/---
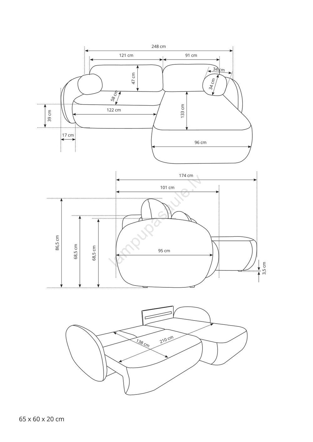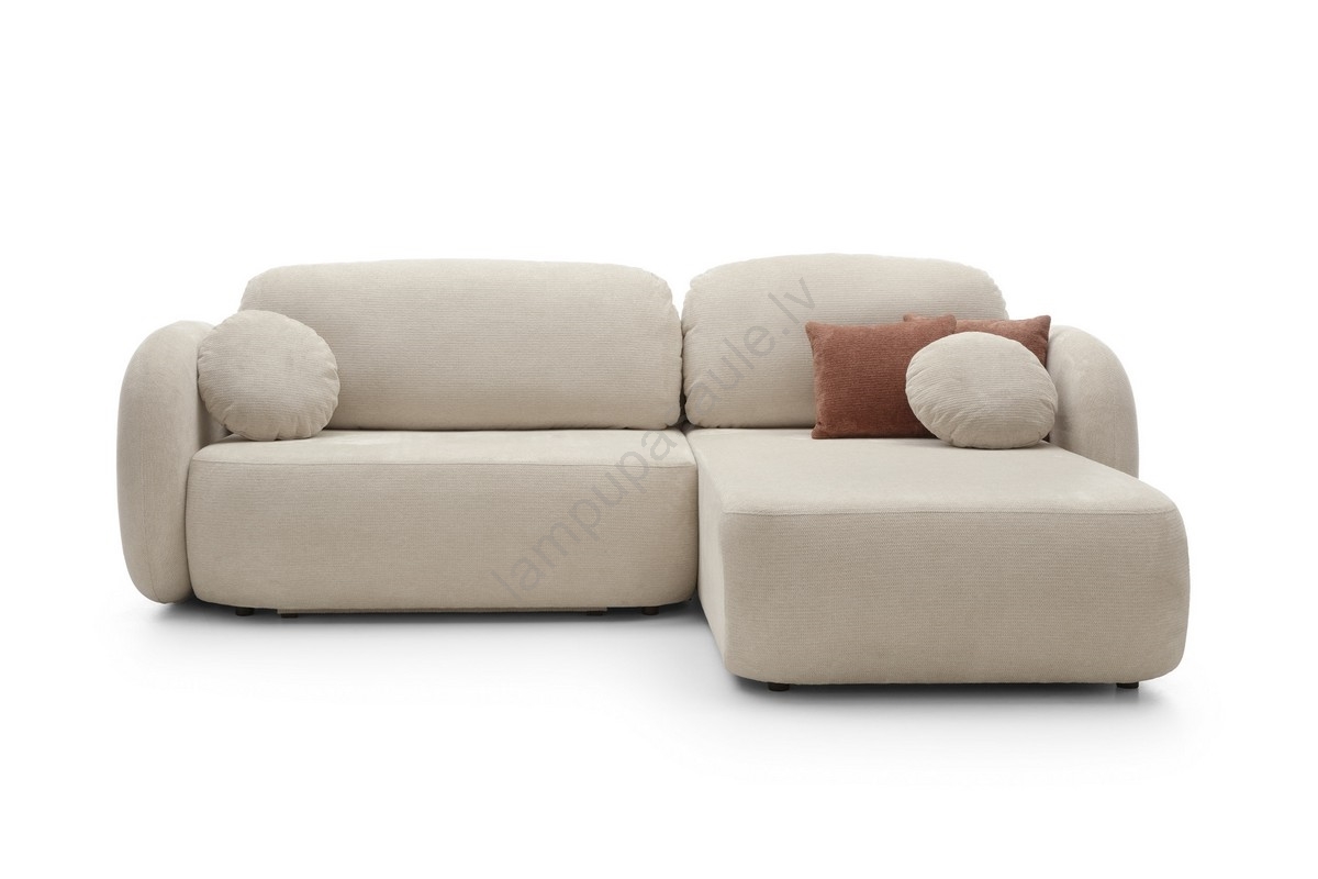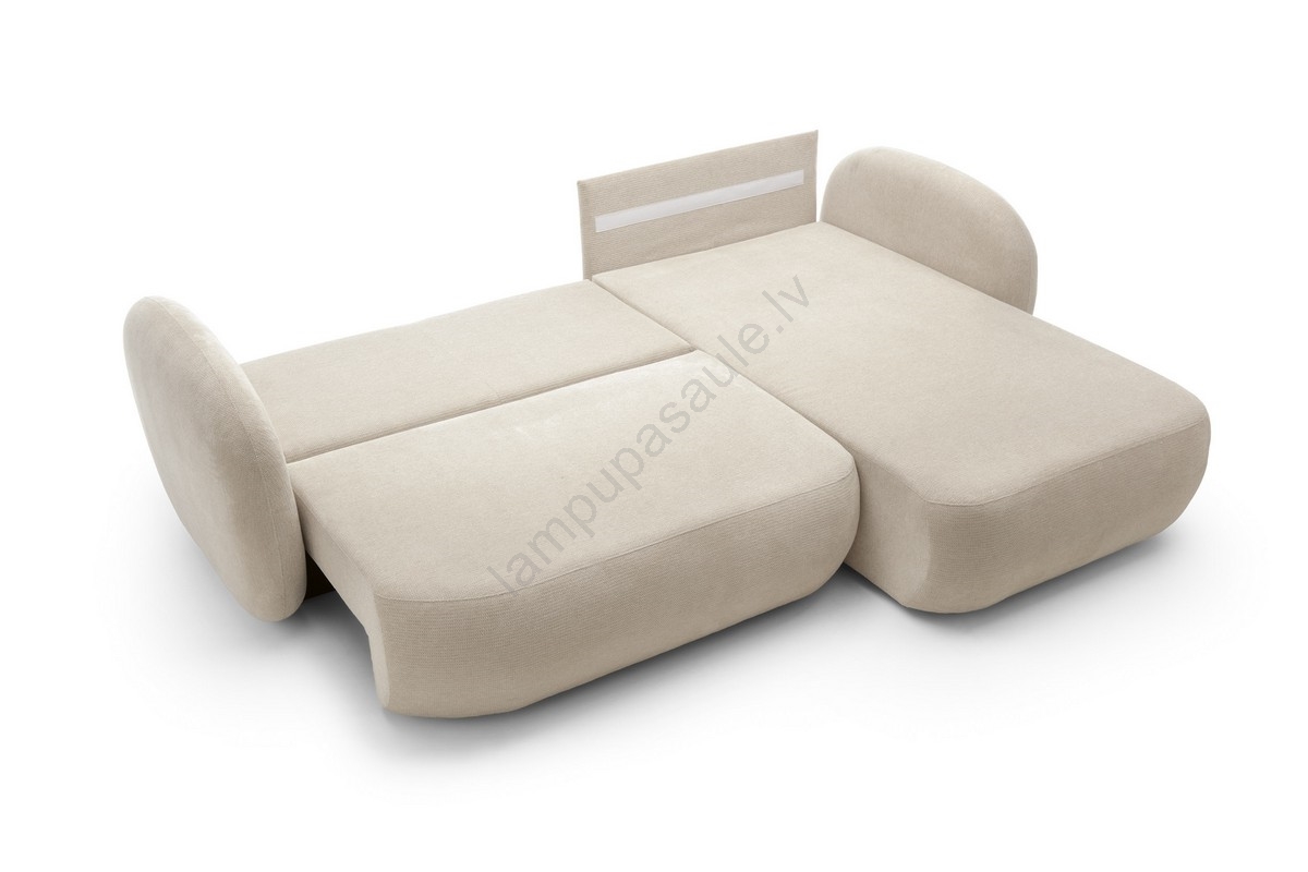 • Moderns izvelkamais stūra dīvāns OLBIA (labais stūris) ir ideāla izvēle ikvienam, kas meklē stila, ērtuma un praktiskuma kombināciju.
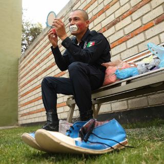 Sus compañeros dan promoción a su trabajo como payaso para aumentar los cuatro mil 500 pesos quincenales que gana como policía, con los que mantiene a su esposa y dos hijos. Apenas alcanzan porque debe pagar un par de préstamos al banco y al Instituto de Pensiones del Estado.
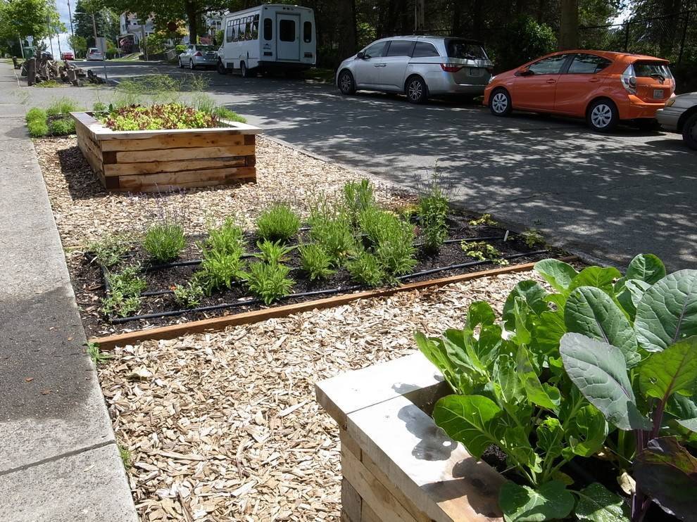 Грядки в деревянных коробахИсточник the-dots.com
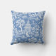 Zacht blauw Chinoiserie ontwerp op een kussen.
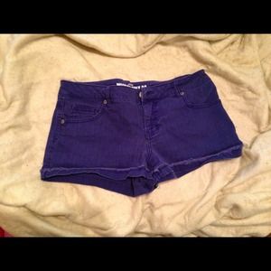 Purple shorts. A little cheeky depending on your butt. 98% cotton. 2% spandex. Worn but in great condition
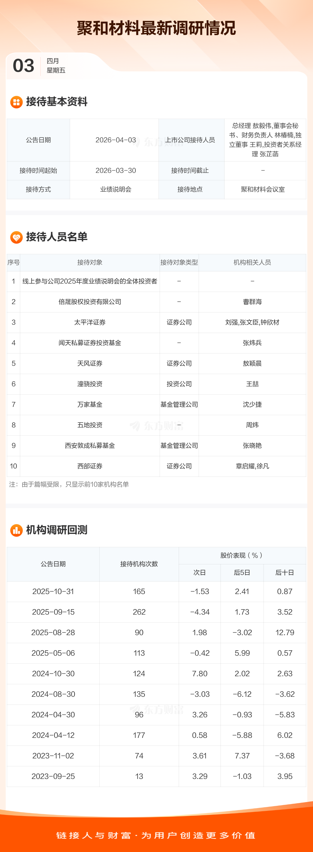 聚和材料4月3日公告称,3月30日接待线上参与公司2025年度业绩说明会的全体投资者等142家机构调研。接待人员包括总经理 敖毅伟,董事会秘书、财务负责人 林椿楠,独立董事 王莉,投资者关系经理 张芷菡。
\---
▶ _Problem requirements_: Please transcribe, with no additions, the lines starting at the one that contains "Purple shorts. A" and running through the last line of the entries, inclusive. Leave the pictures out.

▶ _Solution for this problem_:
 Purple shorts. A little cheeky depending on your butt. 98% cotton. 2% spandex. Worn but in great condition
 聚和材料4月3日公告称,3月30日接待线上参与公司2025年度业绩说明会的全体投资者等142家机构调研。接待人员包括总经理 敖毅伟,董事会秘书、财务负责人 林椿楠,独立董事 王莉,投资者关系经理 张芷菡。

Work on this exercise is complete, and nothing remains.